- 1-2 cups Cauliflower, grated
- 2 English cucumbers, peeled and chopped (4 cups chopped)
- 1 green bell pepper, cored, seeded, deribbed, and chopped
- 3 green onions, trimmed and cut into 1-inch lengths
- 2 jalapeno chiles, stemmed, halved lengthwise, seeded and deribbed (use disposable gloves)
- small handful Italian parsley, large stems removed
- small handful spearmint or lemon verbena leaves
- 2 large cloves garlic, peeled and minced or pressed
- ½ cup chicken stock, or water, plus additional
- ¼ cup cold pressed olive oil
- 2 tablespoons natural-process red wine vinegar
- 2 tablespoons fresh lemon juice
- several drops of Tabasco Green Pepper Sauce, to taste
- 1 teaspoon fine sea salt
¼ cup diced English cucumber (with peel), ¼ cup diced green bell pepper, coarsely grated zest of 1 lemon, 6 small tips of fresh spearmint or lemon verbena
- Put the cucumber, bell pepper, green onions, jalapeno chiles, parsley, spearmint or lemon verbena, and garlic into a blender and liquefy.

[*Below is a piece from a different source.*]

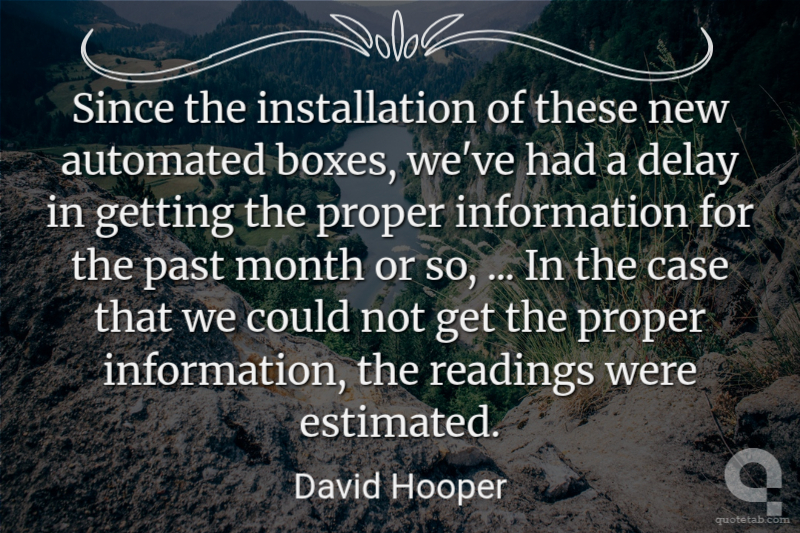 Since the installation of these new automated boxes, we've had a delay in getting the proper information for the past month or so, ... In the case that we could not get the proper information, the readings were estimated. David Hooper

- Add the stock, olive oil, vinegar, lemon juice, Tabasco, and salt. Pulse to combine.
- Taste and adjust the balance of salt and lemon juice if needed. Adjust the thickness of the soup by adding a little more chicken stock if needed.
- Chill for at least two hours.
- Just before serving, pour the soup into individual cups, and then sprinkle each with a bit of diced cucumber, red bell pepper, and lemon zest.
- Top each serving with a tiny sprig of spearmint or lemon verbena.